Records excerpted from a collection:
====
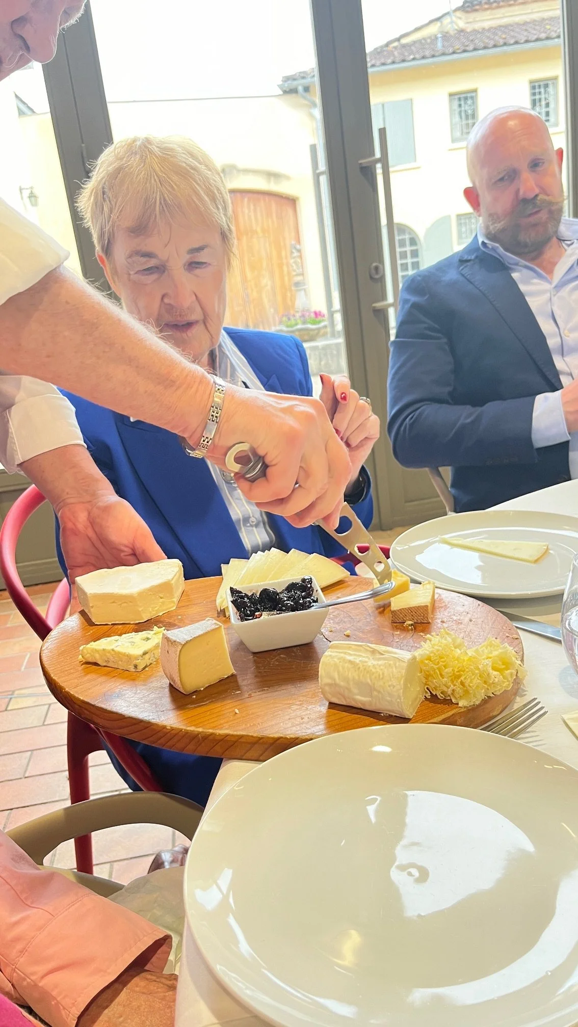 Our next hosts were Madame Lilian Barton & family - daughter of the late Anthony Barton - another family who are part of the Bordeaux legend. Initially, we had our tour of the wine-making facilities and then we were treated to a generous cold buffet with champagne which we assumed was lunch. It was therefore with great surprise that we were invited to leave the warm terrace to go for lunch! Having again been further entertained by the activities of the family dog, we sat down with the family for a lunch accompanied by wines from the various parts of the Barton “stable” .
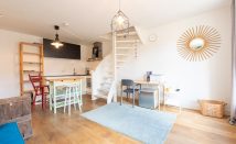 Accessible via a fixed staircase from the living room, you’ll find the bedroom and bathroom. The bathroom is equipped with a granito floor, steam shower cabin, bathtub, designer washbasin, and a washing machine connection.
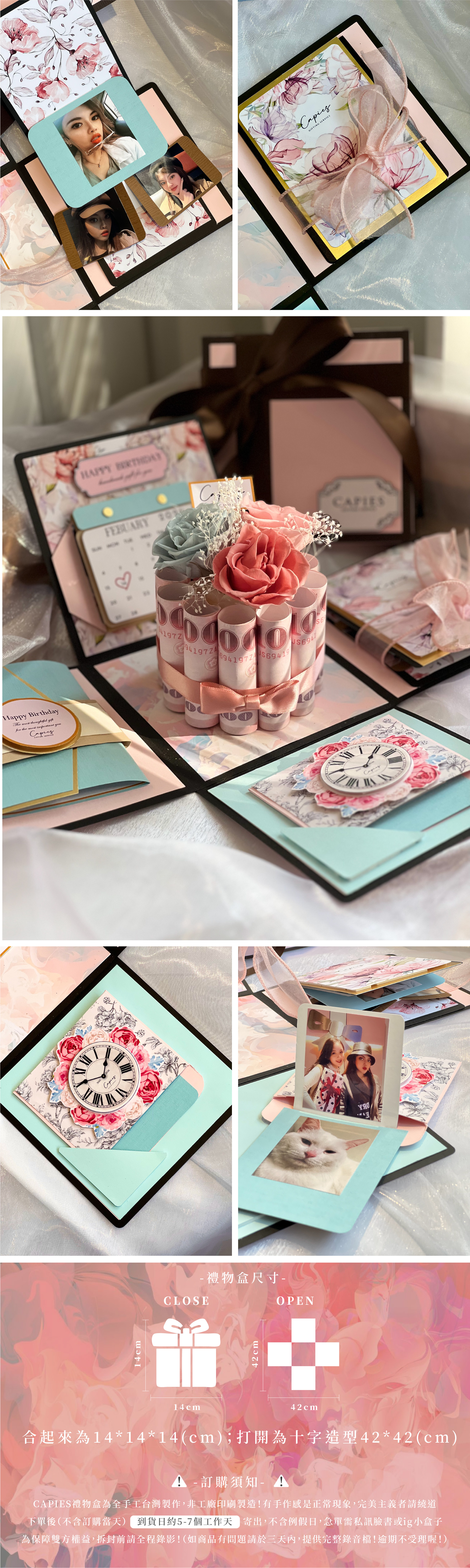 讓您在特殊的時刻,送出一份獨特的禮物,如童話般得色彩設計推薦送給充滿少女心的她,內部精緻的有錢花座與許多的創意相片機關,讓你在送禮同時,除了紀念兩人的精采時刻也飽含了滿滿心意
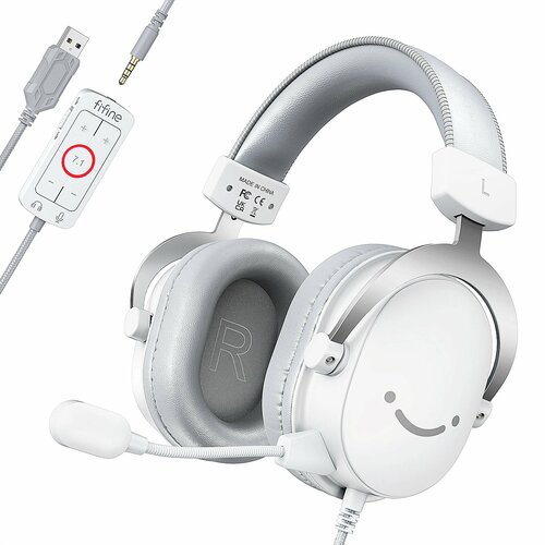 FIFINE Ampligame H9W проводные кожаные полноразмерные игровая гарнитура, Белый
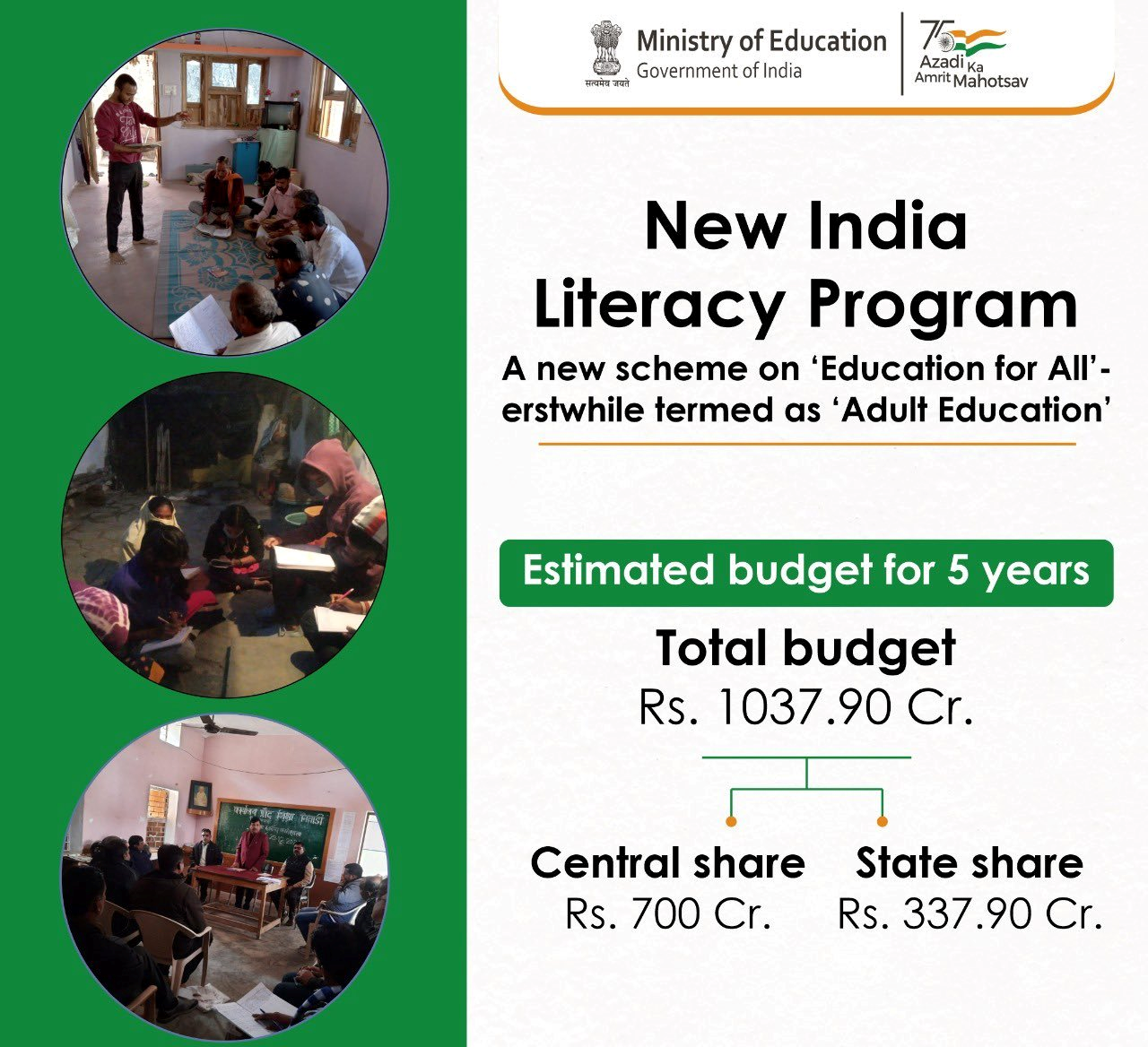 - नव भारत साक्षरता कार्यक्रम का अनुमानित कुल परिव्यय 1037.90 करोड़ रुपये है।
====
▸ Exercise brief
Return each of the lines exactly as they appear above, with no images.

▸ Result of the exercise
 Our next hosts were Madame Lilian Barton & family - daughter of the late Anthony Barton - another family who are part of the Bordeaux legend. Initially, we had our tour of the wine-making facilities and then we were treated to a generous cold buffet with champagne which we assumed was lunch. It was therefore with great surprise that we were invited to leave the warm terrace to go for lunch! Having again been further entertained by the activities of the family dog, we sat down with the family for a lunch accompanied by wines from the various parts of the Barton “stable” .
 Accessible via a fixed staircase from the living room, you’ll find the bedroom and bathroom. The bathroom is equipped with a granito floor, steam shower cabin, bathtub, designer washbasin, and a washing machine connection.
 讓您在特殊的時刻,送出一份獨特的禮物,如童話般得色彩設計推薦送給充滿少女心的她,內部精緻的有錢花座與許多的創意相片機關,讓你在送禮同時,除了紀念兩人的精采時刻也飽含了滿滿心意
 FIFINE Ampligame H9W проводные кожаные полноразмерные игровая гарнитура, Белый
 - नव भारत साक्षरता कार्यक्रम का अनुमानित कुल परिव्यय 1037.90 करोड़ रुपये है।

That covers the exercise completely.